Yes. I guess I would say, if you look at the kind of procedure growth over the last year or so, it's been strong, 68% this last quarter. That strength has been in part driven by additional geographical clearances and additional procedure clearances, particularly in the U.S. I think that that continues over some period. It's not that it suddenly inflects and accelerates from where it is; I think we continue that progression on some reasonable pace. If you look at the question of long-term, what are the incremental opportunities that are different from multi-port, that multi-port is not going to serve and therefore, in effect, expands our total addressable market. I think those opportunities exist. Nipple-sparing mastectomy is a good example. Obviously, that's in an early stage. You have some work being done to see if SP is better than alternatives, including multi-port. Of course, that's been largely an exchange between one stream or one set of procedures that we have to another. There's work in our labs that's super interesting for additional disease states that aren't served today. That said, our current focus is on the opportunity we have. We have still a long way to go in each of the markets where we're cleared and for the new indications that we've added. The next year or two is where our focus is. But I think the long-term opportunity for SP is perhaps a little underestimated. Maybe I'd just add. In each of the markets, we take a localized approach to how we engage and what our strategy is there. Each of those markets has a strict strategic plan, and that results in us investing differentially in each of those markets. For OUS, as you've seen, we'll go direct in markets already where we think the opportunity makes sense for us. There may also be instances where we start to look at localized manufacturing, which is becoming increasingly important for some of those markets. The final thing I'd say is, we have ambitions internationally, just given we're earlier in penetration. There may be additional markets that we franchise with distributors that we don't do business in today.

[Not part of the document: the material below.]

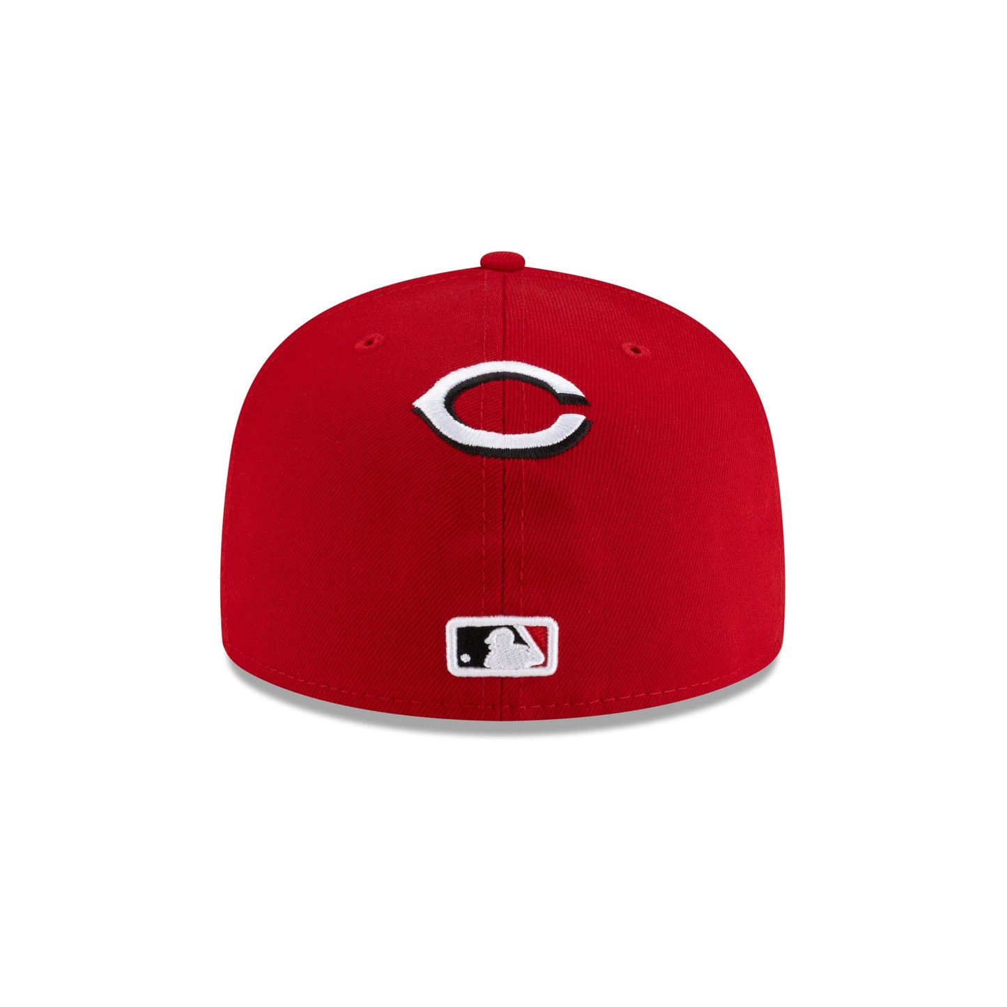 The Hyperfly Katakana x Cincinnati Reds 59FIFTY Fitted Cap features an embroidered Reds Katakana themed logo at the front panels with a matching The Katakana Collection script at the right-wear side. Additional details include a team logo above a matching MLB Batterman logo at the rear and a gray undervisor.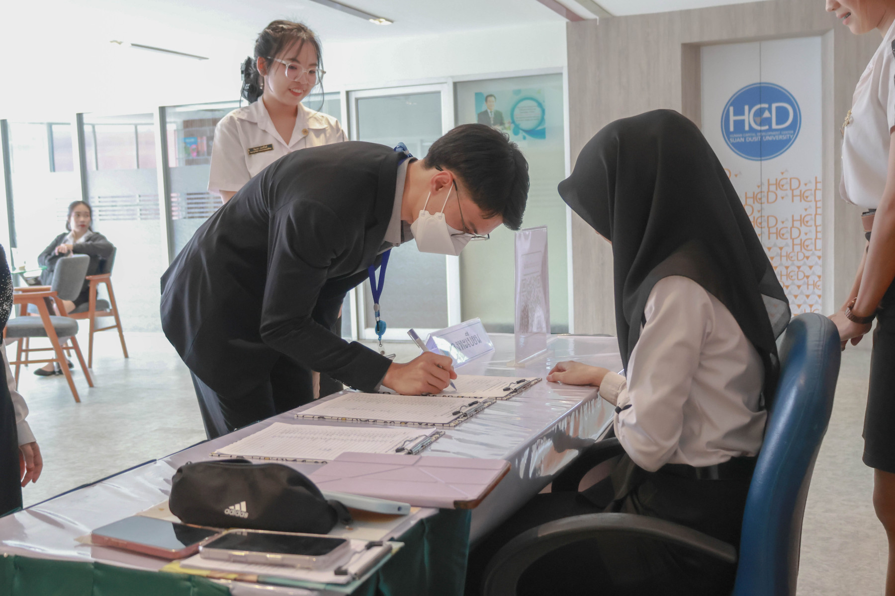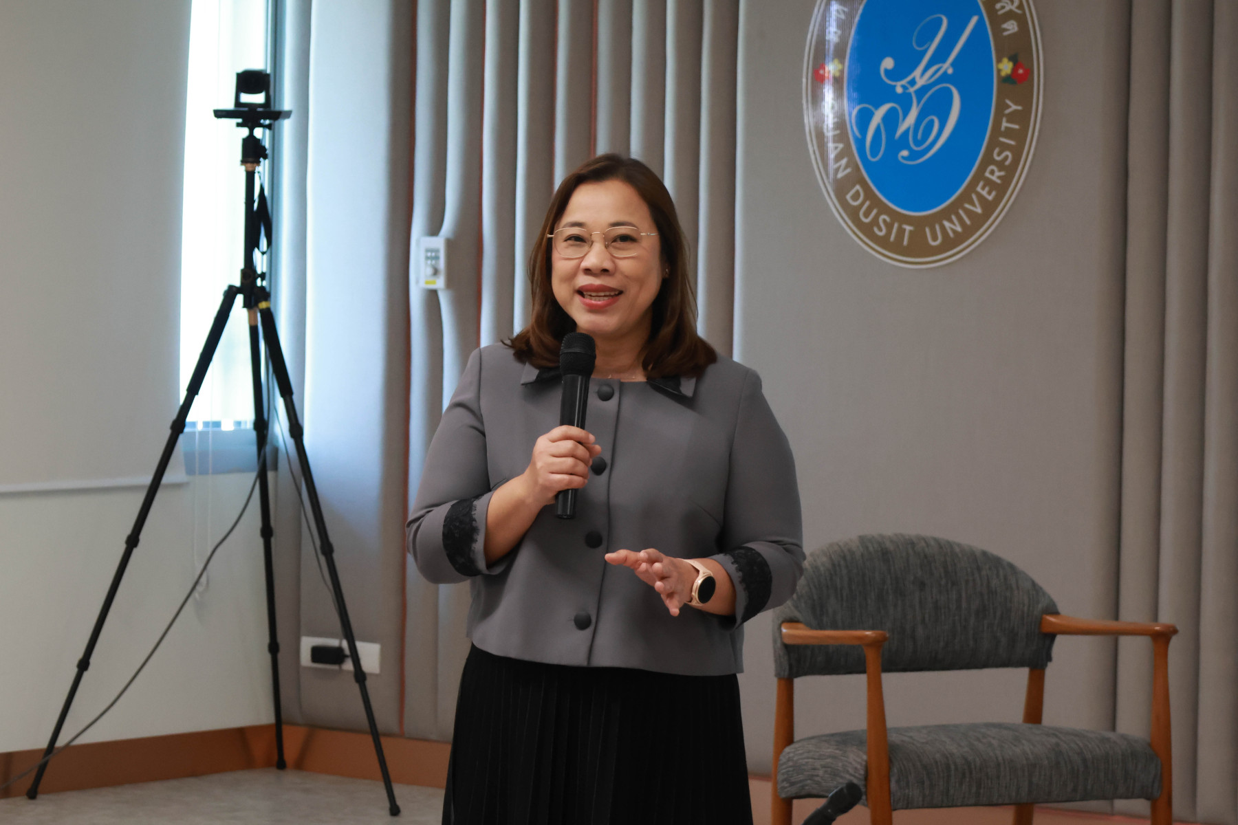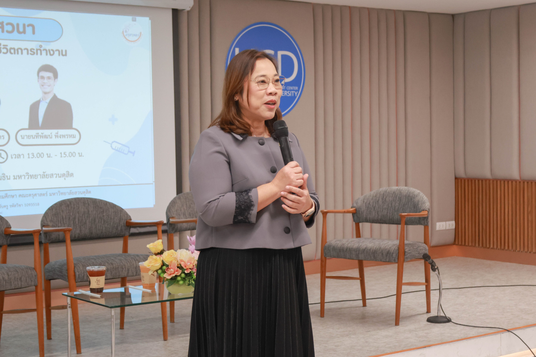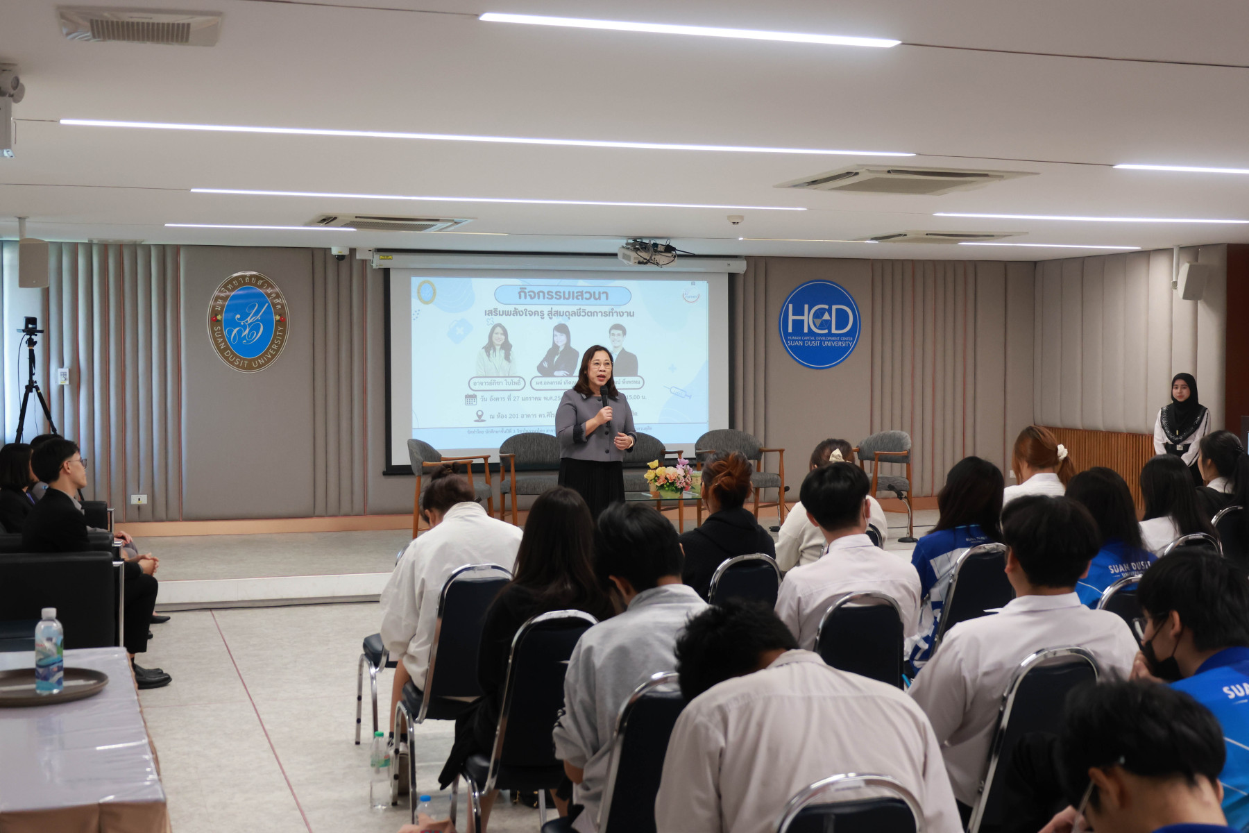 นักศึกษาชั้นปีที่ 3 วิชาโทภาษาไทย สาขาวิชาการประถมศึกษา คณะครุศาสตร์ มหาวิทยาลัยสวนดุสิต จัดกิจกรรมการเสวนาในหัวข้อ “เสริมพลังใจครู สู่สมดุลชีวิตการทำงาน” เพื่อเปิดพื้นที่แห่งการเรียนรู้และแลกเปลี่ยนมุมมองเกี่ยวกับการรู้เท่าทันสภาวะทางอารมณ์และะภาวะหมดไฟ การร่วมกันขับเคลื่อนวัฒนธรรม และะที่สำคัญที่สุดคือการสร้างภูมิคุ้มกันทางใจเพื่อให้ครูและนักศึกษาครูรุ่นใหม่ ซึ่งกิจกรรมดังกล่าวเป็นส่วนหนึ่งของการเรียนการสอนรายวิชาวาทวิทยาสำหรับครู (1093518) โดย ผศ.ดร.ศุภศิริ บุญประเวศ เป็นผู้สอนรายวิชา และได้รับเกียรติจากวิทยากรทั้ง 3 ท่าน ได้แก่ ผศ.อลงกรณ์ เกิดเนตร อาจารย์ภิชา ใบโพธิ์ และนายนทีพัฒน์ พึ่งพรหม ร่วมให้ความรู้ และทักษะสำคัญสำหรับครูยุคใหม่ เพื่อให้ผู้เข้าร่วมนำไปปฏิบัติและประยุกต์ใช้ให้เหมาะสมและมีประสิทธิภาพ ณ อาคาร ดร.ศิโรจน์ ผลพันธิน มหาวิทยาลัยสวนดุสิต ชั้น 2 ห้อง 201

Okay. That was our last question. Thank you for all the questions. In closing, we continue to believe there's a substantial and durable opportunity to fundamentally improve surgery and acute interventions. Our teams continue to work closely with hospitals, physicians and care teams in pursuit of what our customers have termed the Quintuple Aim: better and more predictable patient outcomes, better experiences for patients, better experiences for their care teams, lower total cost of care and finally, increased access to care. We believe value creation in surgery and acute care is foundationally human. It flows from respect for and understanding of patients and care teams and their needs and their environment. At Intuitive, we envision a future of care that is less invasive and profoundly better, where diseases are identified earlier and treated quickly so patients can get back to what matters most. Thank you for your support on this extraordinary journey. We look forward to talking with you again in 3 months.

Operator

This concludes today's conference call. Thank you for participating, and you may now disconnect. Everyone, have a great day.